Find "Unabhängig von der" in the records that follow; print that line and each subsequent line through the last one, verbatim and with nothing added.

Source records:
========================

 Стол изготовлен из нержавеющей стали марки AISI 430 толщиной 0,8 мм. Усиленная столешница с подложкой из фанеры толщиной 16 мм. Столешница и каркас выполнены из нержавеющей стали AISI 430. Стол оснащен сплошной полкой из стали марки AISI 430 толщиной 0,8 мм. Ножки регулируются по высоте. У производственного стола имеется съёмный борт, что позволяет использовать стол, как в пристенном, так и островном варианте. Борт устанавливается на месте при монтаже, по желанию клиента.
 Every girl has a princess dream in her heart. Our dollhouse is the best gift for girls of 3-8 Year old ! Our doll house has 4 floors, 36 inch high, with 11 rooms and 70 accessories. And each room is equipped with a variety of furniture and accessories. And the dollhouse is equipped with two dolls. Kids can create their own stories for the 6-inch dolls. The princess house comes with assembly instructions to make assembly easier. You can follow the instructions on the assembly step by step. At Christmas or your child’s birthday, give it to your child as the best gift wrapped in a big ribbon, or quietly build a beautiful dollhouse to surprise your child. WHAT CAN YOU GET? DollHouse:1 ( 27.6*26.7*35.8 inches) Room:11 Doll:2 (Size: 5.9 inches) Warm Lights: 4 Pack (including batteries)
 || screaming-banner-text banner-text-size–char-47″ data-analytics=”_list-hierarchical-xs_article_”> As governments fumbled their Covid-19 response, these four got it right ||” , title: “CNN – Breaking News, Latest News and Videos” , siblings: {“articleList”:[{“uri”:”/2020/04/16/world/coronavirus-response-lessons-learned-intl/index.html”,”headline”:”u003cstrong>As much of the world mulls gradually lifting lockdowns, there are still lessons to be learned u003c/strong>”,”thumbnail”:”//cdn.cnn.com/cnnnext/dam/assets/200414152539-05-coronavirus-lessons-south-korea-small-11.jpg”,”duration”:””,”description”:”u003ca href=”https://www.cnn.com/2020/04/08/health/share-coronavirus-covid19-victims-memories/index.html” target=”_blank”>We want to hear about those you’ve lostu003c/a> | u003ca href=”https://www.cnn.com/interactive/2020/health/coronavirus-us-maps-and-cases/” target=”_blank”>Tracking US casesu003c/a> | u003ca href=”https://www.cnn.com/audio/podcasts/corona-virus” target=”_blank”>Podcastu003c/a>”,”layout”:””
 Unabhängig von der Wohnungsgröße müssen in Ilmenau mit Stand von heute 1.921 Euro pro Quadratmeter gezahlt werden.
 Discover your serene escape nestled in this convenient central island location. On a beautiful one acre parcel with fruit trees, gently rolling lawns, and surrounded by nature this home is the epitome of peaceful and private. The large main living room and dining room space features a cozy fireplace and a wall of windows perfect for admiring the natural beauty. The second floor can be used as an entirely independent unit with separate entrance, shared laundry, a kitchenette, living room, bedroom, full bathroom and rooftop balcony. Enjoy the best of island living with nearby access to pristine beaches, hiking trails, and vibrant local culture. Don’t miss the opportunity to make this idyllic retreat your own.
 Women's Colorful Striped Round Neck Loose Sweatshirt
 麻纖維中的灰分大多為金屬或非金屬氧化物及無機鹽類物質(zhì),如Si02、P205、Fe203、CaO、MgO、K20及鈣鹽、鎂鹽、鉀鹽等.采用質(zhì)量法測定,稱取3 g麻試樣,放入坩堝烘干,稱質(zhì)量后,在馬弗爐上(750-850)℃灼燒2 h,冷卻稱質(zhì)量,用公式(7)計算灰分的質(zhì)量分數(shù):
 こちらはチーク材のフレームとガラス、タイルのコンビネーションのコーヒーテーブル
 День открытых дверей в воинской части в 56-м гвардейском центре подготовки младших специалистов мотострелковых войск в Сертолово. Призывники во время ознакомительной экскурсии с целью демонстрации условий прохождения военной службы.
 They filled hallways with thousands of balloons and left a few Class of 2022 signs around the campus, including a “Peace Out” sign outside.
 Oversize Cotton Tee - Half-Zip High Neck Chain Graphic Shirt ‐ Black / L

========================

-- OUTPUT OF THE EXERCISE --
 Unabhängig von der Wohnungsgröße müssen in Ilmenau mit Stand von heute 1.921 Euro pro Quadratmeter gezahlt werden.
 Discover your serene escape nestled in this convenient central island location. On a beautiful one acre parcel with fruit trees, gently rolling lawns, and surrounded by nature this home is the epitome of peaceful and private. The large main living room and dining room space features a cozy fireplace and a wall of windows perfect for admiring the natural beauty. The second floor can be used as an entirely independent unit with separate entrance, shared laundry, a kitchenette, living room, bedroom, full bathroom and rooftop balcony. Enjoy the best of island living with nearby access to pristine beaches, hiking trails, and vibrant local culture. Don’t miss the opportunity to make this idyllic retreat your own.
 Women's Colorful Striped Round Neck Loose Sweatshirt
 麻纖維中的灰分大多為金屬或非金屬氧化物及無機鹽類物質(zhì),如Si02、P205、Fe203、CaO、MgO、K20及鈣鹽、鎂鹽、鉀鹽等.采用質(zhì)量法測定,稱取3 g麻試樣,放入坩堝烘干,稱質(zhì)量后,在馬弗爐上(750-850)℃灼燒2 h,冷卻稱質(zhì)量,用公式(7)計算灰分的質(zhì)量分數(shù):
 こちらはチーク材のフレームとガラス、タイルのコンビネーションのコーヒーテーブル
 День открытых дверей в воинской части в 56-м гвардейском центре подготовки младших специалистов мотострелковых войск в Сертолово. Призывники во время ознакомительной экскурсии с целью демонстрации условий прохождения военной службы.
 They filled hallways with thousands of balloons and left a few Class of 2022 signs around the campus, including a “Peace Out” sign outside.
 Oversize Cotton Tee - Half-Zip High Neck Chain Graphic Shirt ‐ Black / L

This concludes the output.